By Andrew Cohen
Two Berkeley Law students just returned from a memorable trip to the United Nations Climate Change Conference in Copenhagen, where they presented a report that urges policy makers to value human rights principles while addressing climate change.
In Protecting People and the Planet, which they wrote for the International Human Rights Law Clinic, second-year students Caitrin McKiernan and Zoe Loftus-Farren examine the potential dangers of well-meaning climate change policies. Simply constructing a hydropower dam, for example, can have implications for neighboring communities that include declining fish stocks, health problems from the construction process, and forced relocation.
McKiernan and Loftus-Farren arrived in Copenhagen December 13, and the next day spent more than four hours outside in the cold waiting to enter the conference facility to pick up their credentials. “We were lucky,” says McKiernan. “Some people waited for 10 hours.”

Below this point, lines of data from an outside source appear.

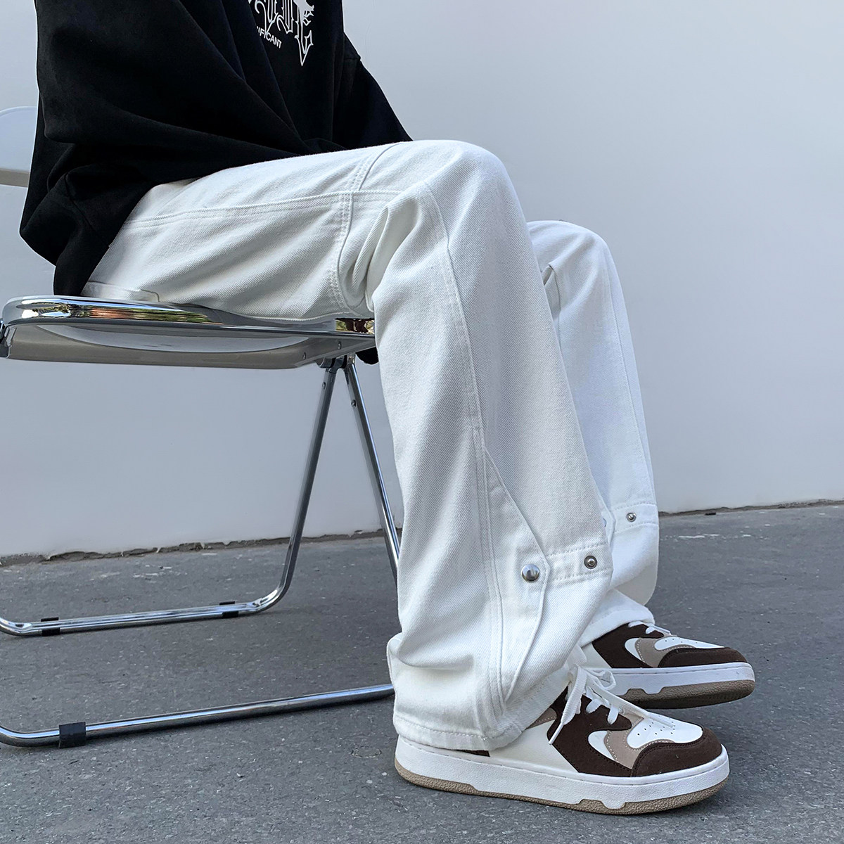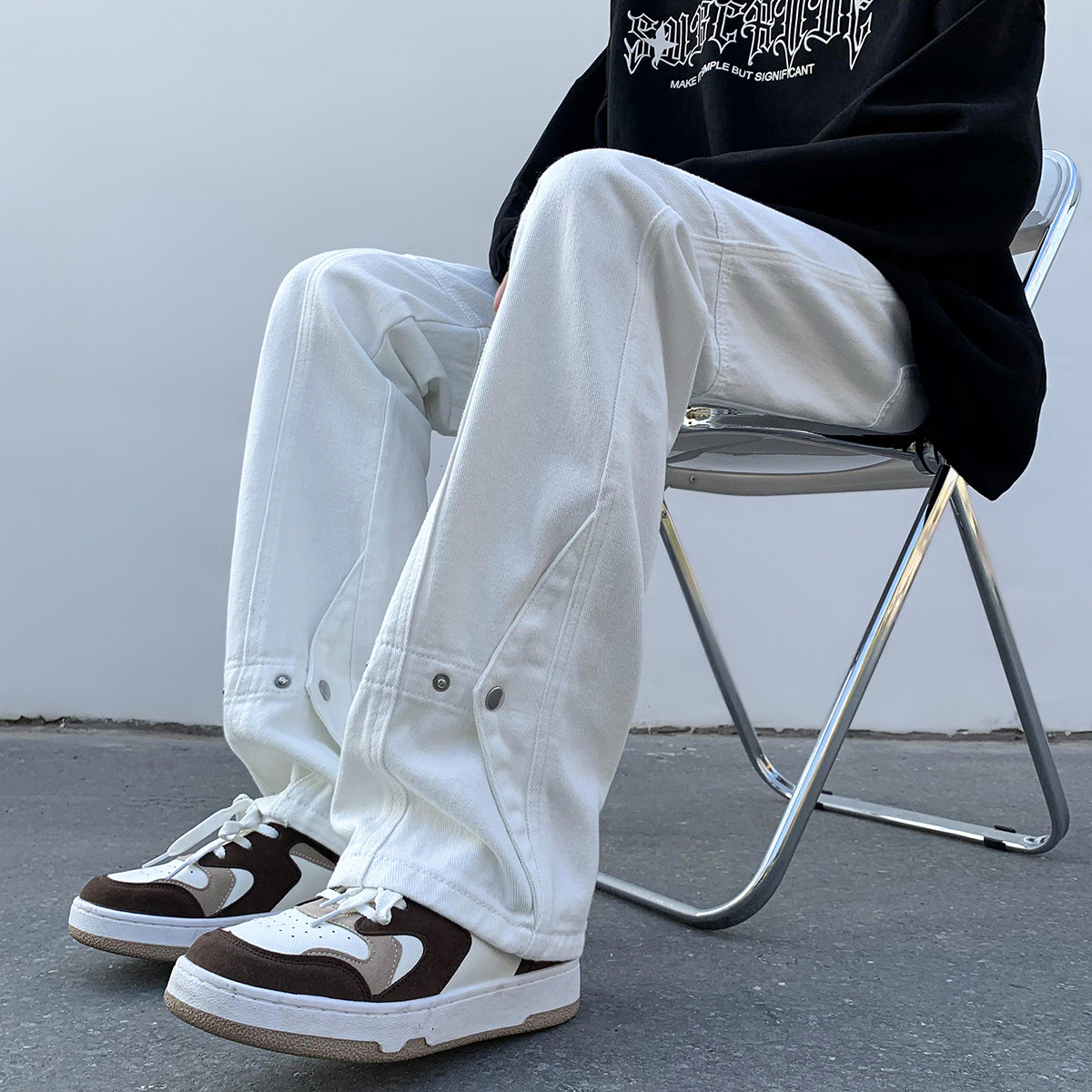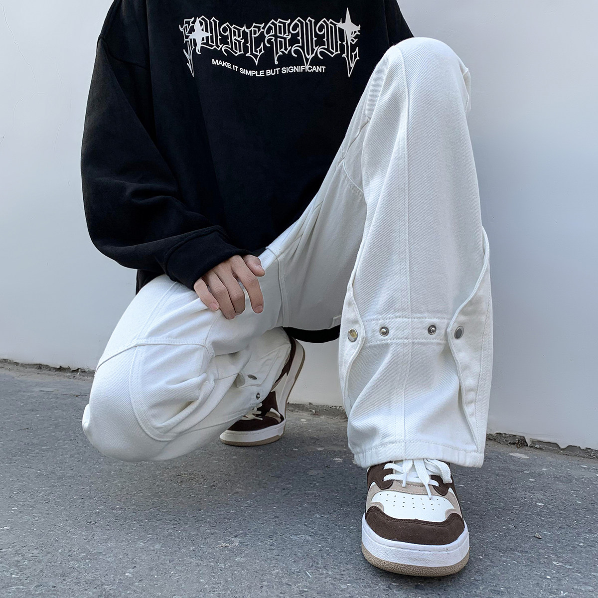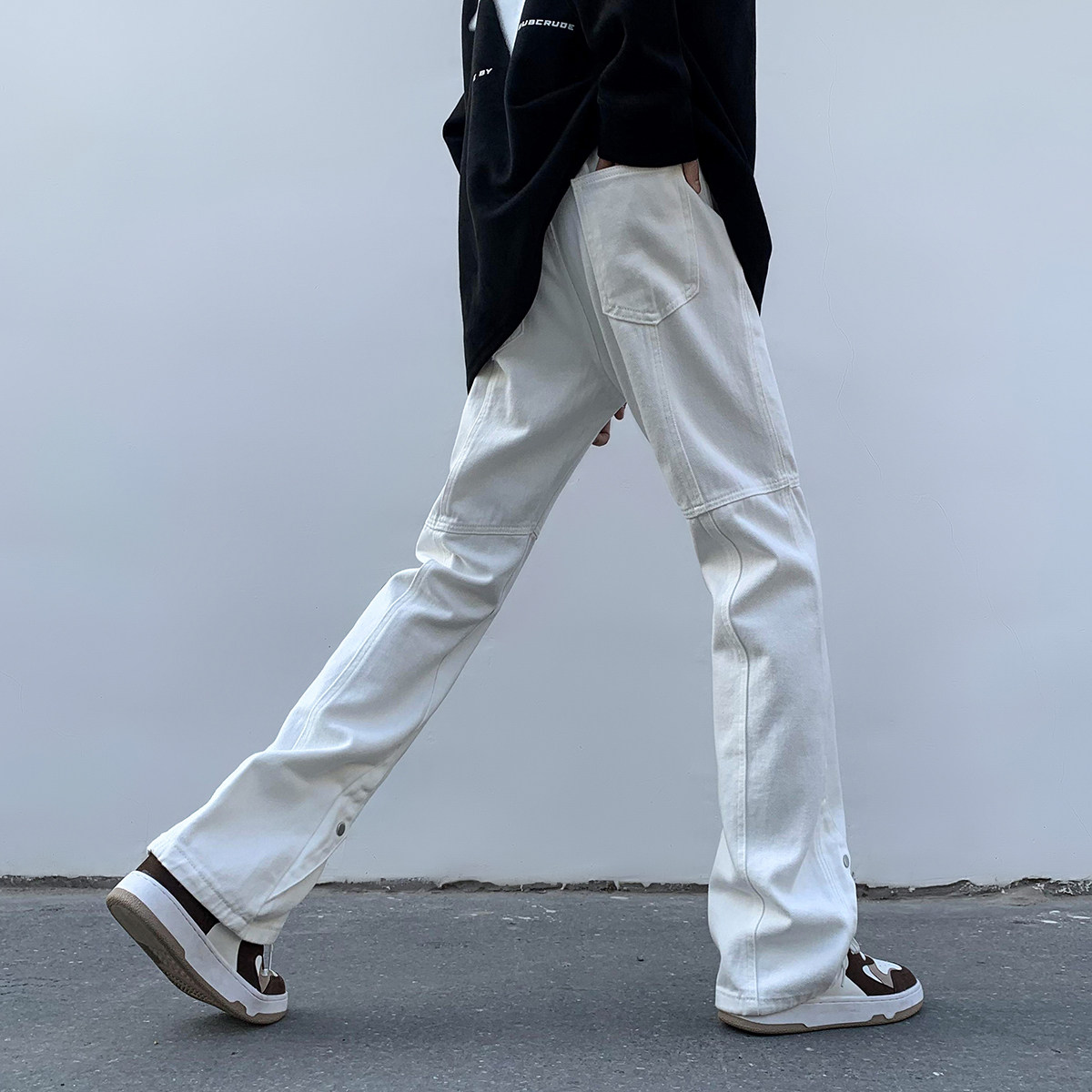 Белые летние джинсы, трендовые штаны, повседневные брюки, в американском стиле, свободный прямой крой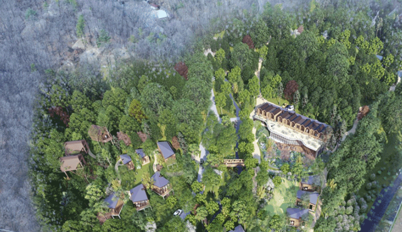 총면적 9,800m²의 부지에 트리하우스, 개별 숙소, 본동, 방문자센터, 레스토랑, 카페테리아, 해먹존, 불멍장소 등이 함께 구성되어 있어요.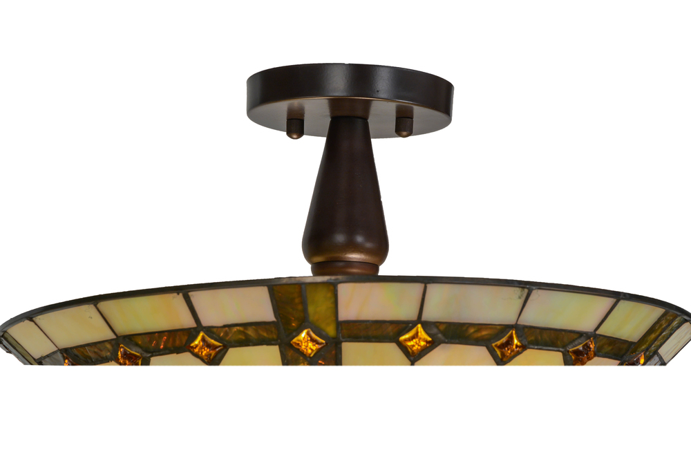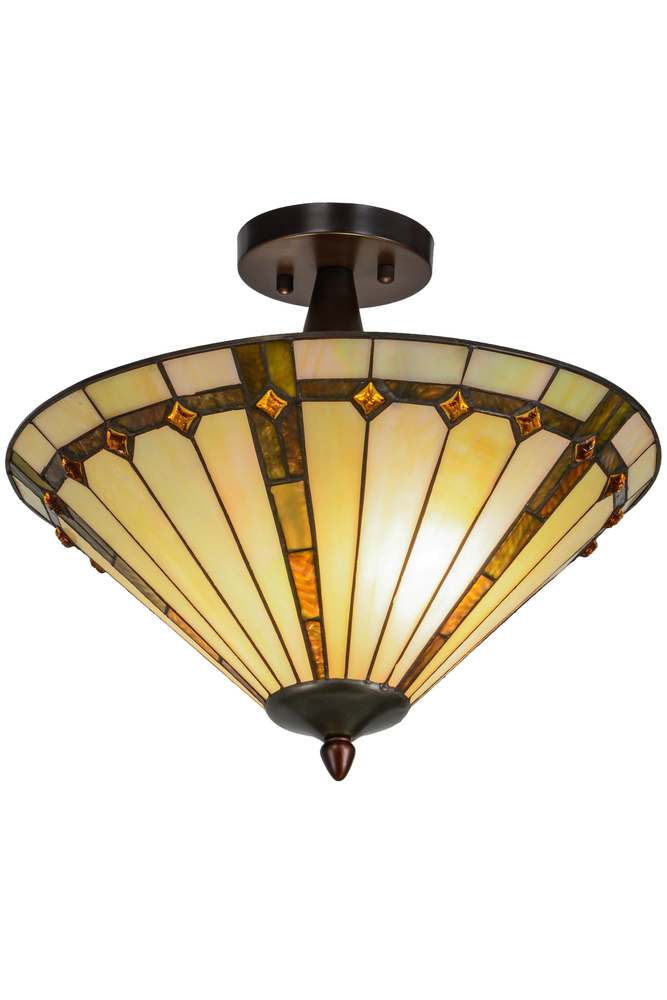 Exquisite Purple; Dark Green and Sunburst colored trim with Amber jewels adorn Beige Iridescent glass on this conical shade. This stunning shade is constructed with Meyda Tiffany's famous copperfoil construction process. The hardware is finished in a warm Mahogany Bronze.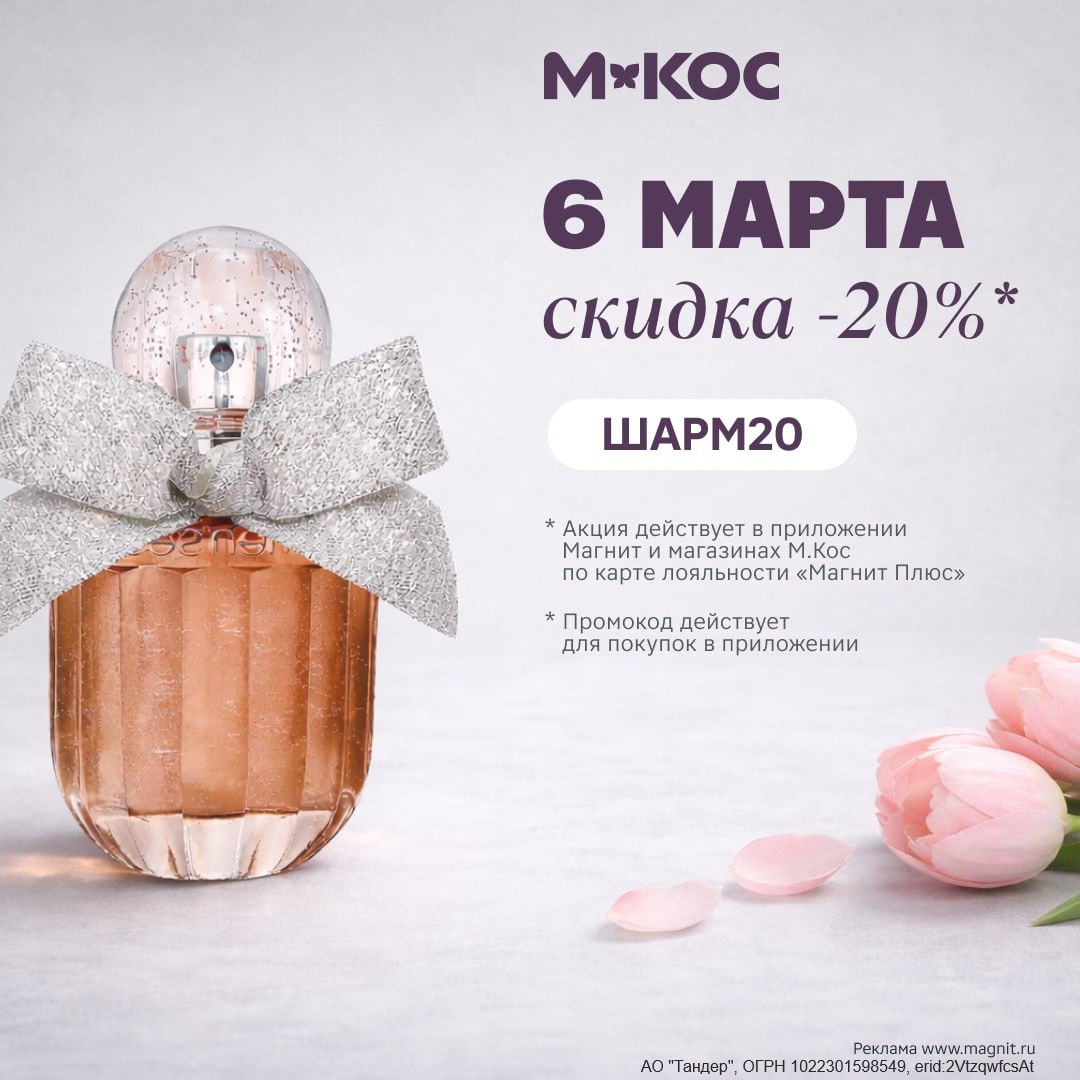 *Предложение действительно 06.03.2026 в магазинах М.Кос и мобильном приложении «Магнит: акции и доставка» (6+) с картой лояльности Магнит Плюс. Скидка действует на весь ассортимент. Количество товара ограничено. Подробности у продавцов и в мобильном приложении. АО «Тандер», ОГРН 1022301598549, г. Краснодар, ул. им. Леваневского, 185.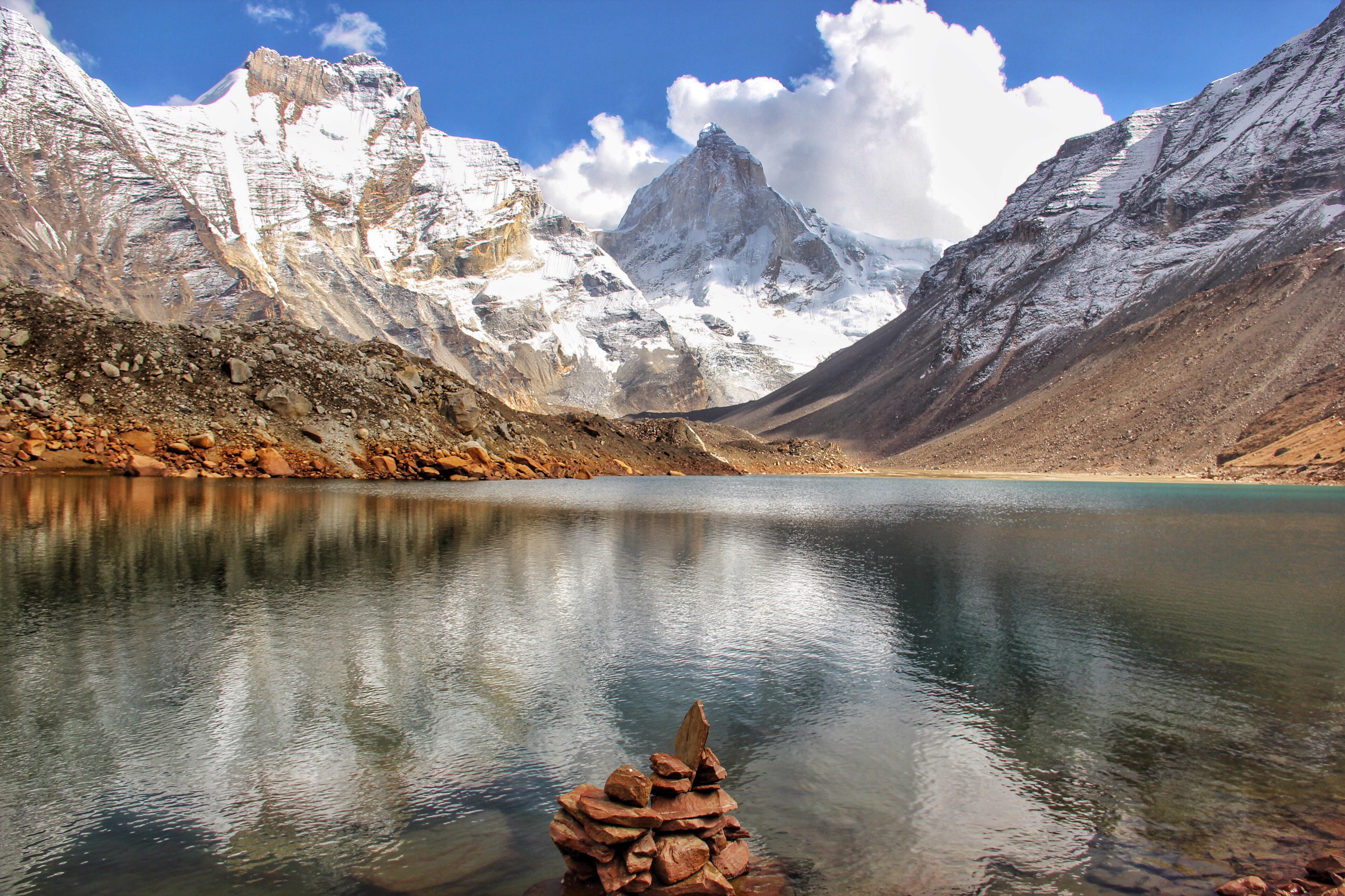 Kedar Tal lake in Uttarakhand at the Base of Mt. Thalaysagar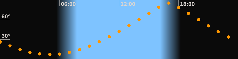 | Höchster Stand (Kulmination) | 16:58 Uhr (h = 85,6°) |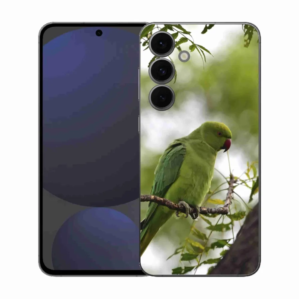Pružný gélový obal mmCase s obrázkom na Samsung Galaxy S25 FE - zelený papagáj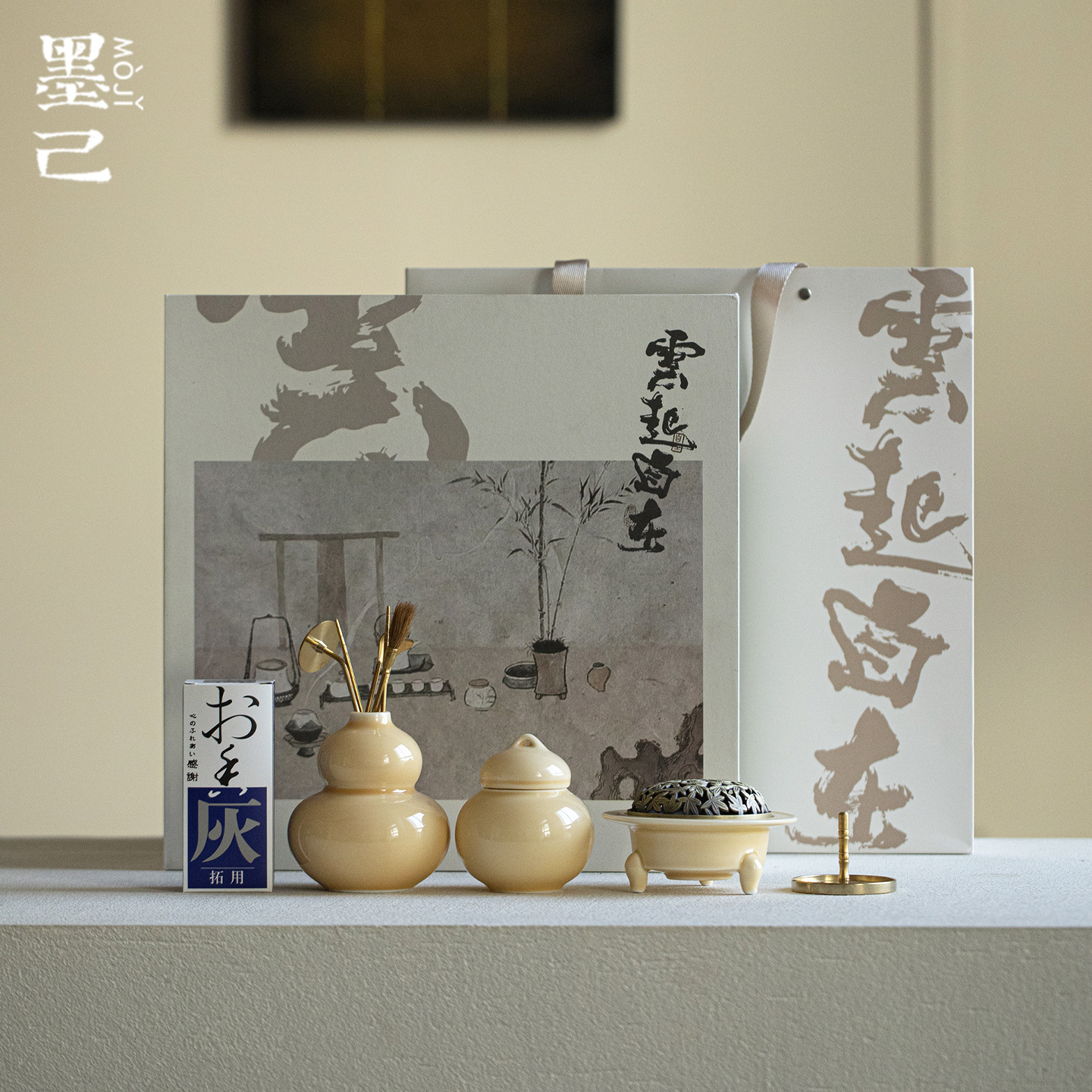 墨己月黄釉陶瓷香事套组家用打香篆香炉整套香道工具香薰用具套装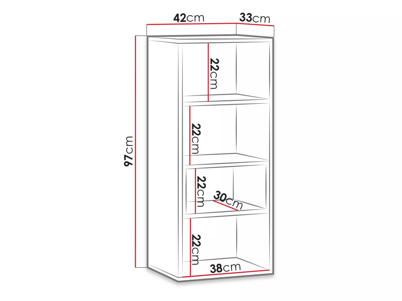 Knihovna Jill se vyznačuje mimořádným stylem. Elegantní barvy jsou kombinací vzorů dřeva s černou barvou. Za funkčnost regálu jsou zodpovědné prostorné police. S uspořádáním v různých výškách poskytují mnoho prostoru pro knihy a ostatní osobní věci. Černá zadní část nábytku je módním pozadím pro doplňky na policích.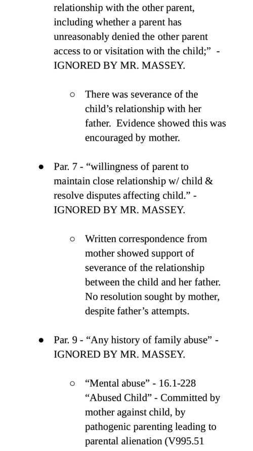 - The FAMILY LAW CODE of Virginia, specifically the "Best Interest" list for consideration of custody, should include 'THE PEOPLE THAT A PARENT BRINGS AROUND THE CHILD'. There should be a list of qualities to consider, including - the length of time the parent has known the person, other 'similar' people brought around the children, character of the person, the way of meeting the person, amount of time that person is around the children, etc...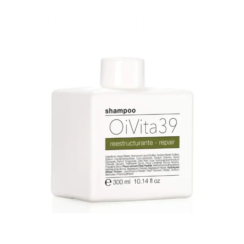 OiVita39 Repair — професійний відновлювальний шампунь для пошкодженого волосся, створений для м’якого очищення та комплексного догляду. Формула шампуню не тільки видаляє забруднення, але й інтенсивно зміцнює структуру волосся, відновлює його еластичність і природну м’якість.

On December 15, they presented their paper at an event hosted by Mary Robinson, the former President of Ireland and former UN High Commissioner for Human Rights. With rising sea levels projected to force mass displacement of coastal communities in low-lying areas over the next 25 years, McKiernan and Loftus-Farren highlighted concerns such as displaced populations’ access to food and water—and what impact their arrival in new countries may have on the resources available to those already living there.
In asking the UN Framework Convention on Climate Change to establish international human rights standards, they proposed that nations share information and technical assistance that help foster climate change initiatives that incorporate these standards. During a panel on migration, the Special Rapporteur on Internally Displaced Persons endorsed the students’ idea of providing such guidelines, and of creating a mechanism to address the unintended human rights consequences of climate change policies.
“It was exciting to see there will likely be some inclusion of human rights language in the text that comes out of Copenhagen,” says Loftus-Farren. While struck by the thicket of thorny issues involved in confronting climate change, she believes that complexity “reinforced the relevancy and usefulness of our proposal.”
After spending months immersed in climate change literature at Berkeley, McKiernan says she was thrilled to be in Copenhagen “and actually talk to the people whose work we had cited” such as the UN High Commissioner for Human Rights, the head of the International Organization for Migration, and global NGO leaders. “It’s a testament to the strength of the clinical programs at Berkeley Law that we had the opportunity to publish a policy paper on climate change and human rights and then actually present it in Copenhagen.”
McKiernan and Loftus-Farren also attended NGO strategy sessions, a plenary session, and side events that centered on such topics as migration, displacement, and how gender dynamics relate to climate change. They were astounded at the blizzard of activity around them, including the sight of officials from more than 190 nations, in one building, negotiating the inclusion of one verb over another.
Calling the conference both “enlightening and exciting,” Loftus-Farren is pleased that the report “seemed to be well received. We hope it will contribute to the current discussion on climate justice and encourage concrete action.”